Steam-powered paddlewheel boats were common on American rivers in the 1800s, but now you’re more likely to see smaller versions paddled by people. Both kinds work the same way, by pushing water with paddles mounted on wheels. Students will build their own boat that uses kinetic energy stored in rubber bands to move.

The final piece is a functional moving boat built with recycled materials and/or found objects. You can extend this project by allowing students to design and 3D print parts of their boat. Think about constraining the amount of 3D printing by weight or material usage in the software. Have them create a budget, and “buy” recyclable materials and 3D printing material.

Estimated Length

4-5 hours class time


For the class:

  • 4-5x* Large plastic tubs for water (clear is best) or 1-2x large plastic kiddie swimming pools

Enough for all students:

  • “Motor materials” (popsicle sticks, plastic cutlery, rubber bands in various sizes & thicknesses)
  •  Hot glue guns & glue
  • Cutting tools (scissors, X-acto knives, box cutters)
  • Various craft supplies (string/twine, glues, tapes, etc.)
  • Various recyclables**

*Depends on class size and space constraints

**Try to procure: plastic bottles, cardboard, Styrofoam, and other materials that can float.
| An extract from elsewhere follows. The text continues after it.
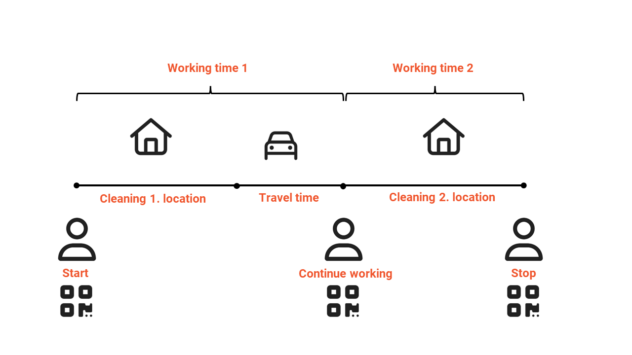 You are working back-to-back in two different locations and the transit time is to be taken into account. The "Continue working" feature allows you to "start" in the first location and "stop" in the second location. Then a dialog is displayed on which the cleaner decides whether to continue working or to stop the recording.
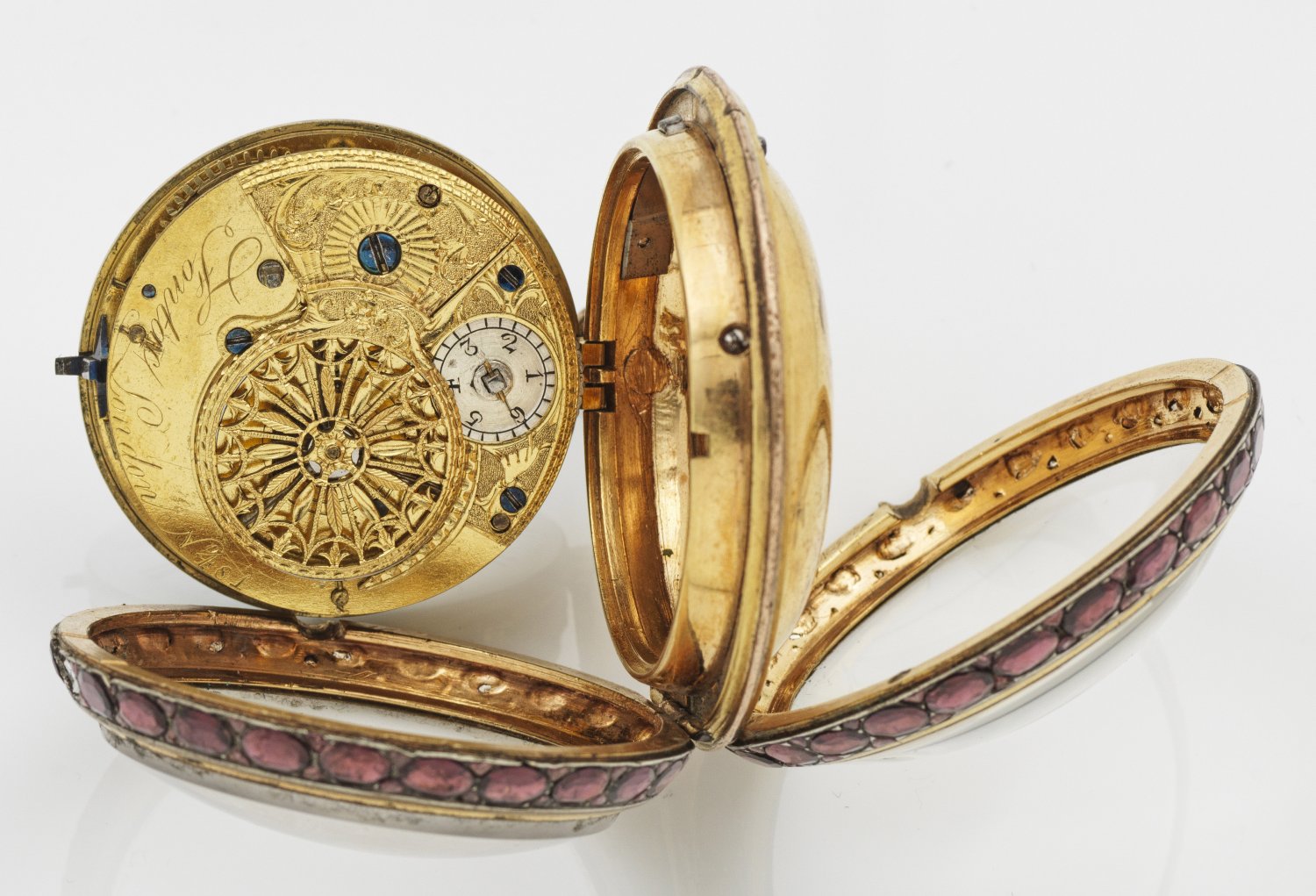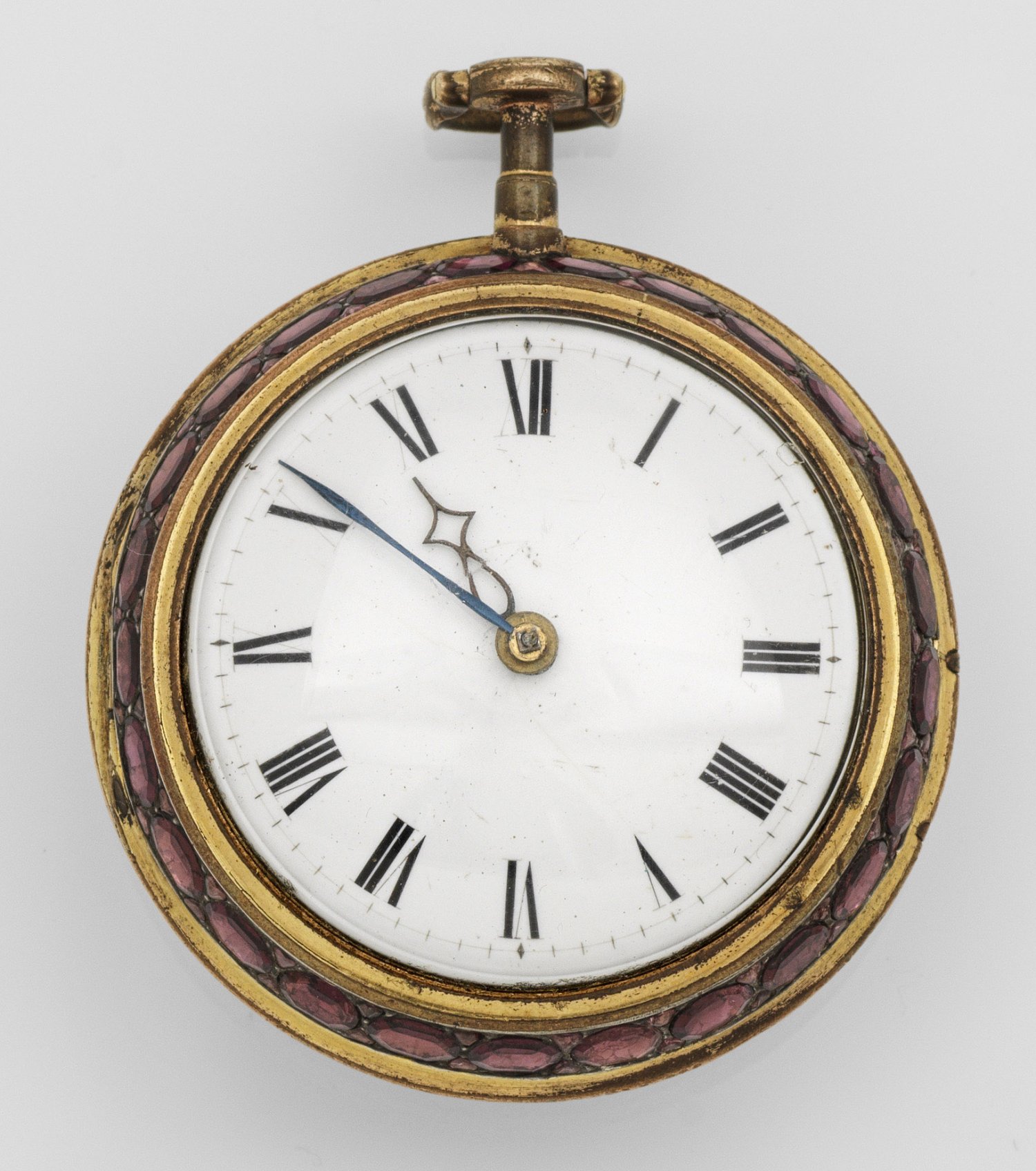 Englische Spindel-Taschenuhr von Fontad 2. H. 18. Jh.; Metall, vergoldet. Bombiertes Gehäuse, umlaufend besetzt mit facettierten, dunkelrosa unterlegten Steinen. Weißes Emailzifferblatt mit schwarzen römischen Zahlen, Dauphinzeiger. Fein zieseliertes Spindelwerk mit Kette und Schnecke, Schlüsselaufzug. Bez. Fontad, London No. 481. D. 5,5 cm.

Straws and/or chopsticks are also useful.

Overview of Steps

  1. Introduce the project and demonstrate how the paddle and rubber band will function.
  2. Allow students to explore materials.
  3. Students plan their design and create a drawing with labels.
  4. Students build their boats.
  5. Students test out and/or present their boats.
  6. Optional redesign and testing of the boats.

Setup & Planning

  1. If possible, create an example of your own prior to introducing the project. Make the design as simple as possible just showing the function of the rubber band and paddle. If you have access to the outdoors, have a demonstration session where you set off your boat in a stream, puddle, fountain, etc. If this is not possible, you can use a Rubbermaid tub or plastic kiddie pool filled with water.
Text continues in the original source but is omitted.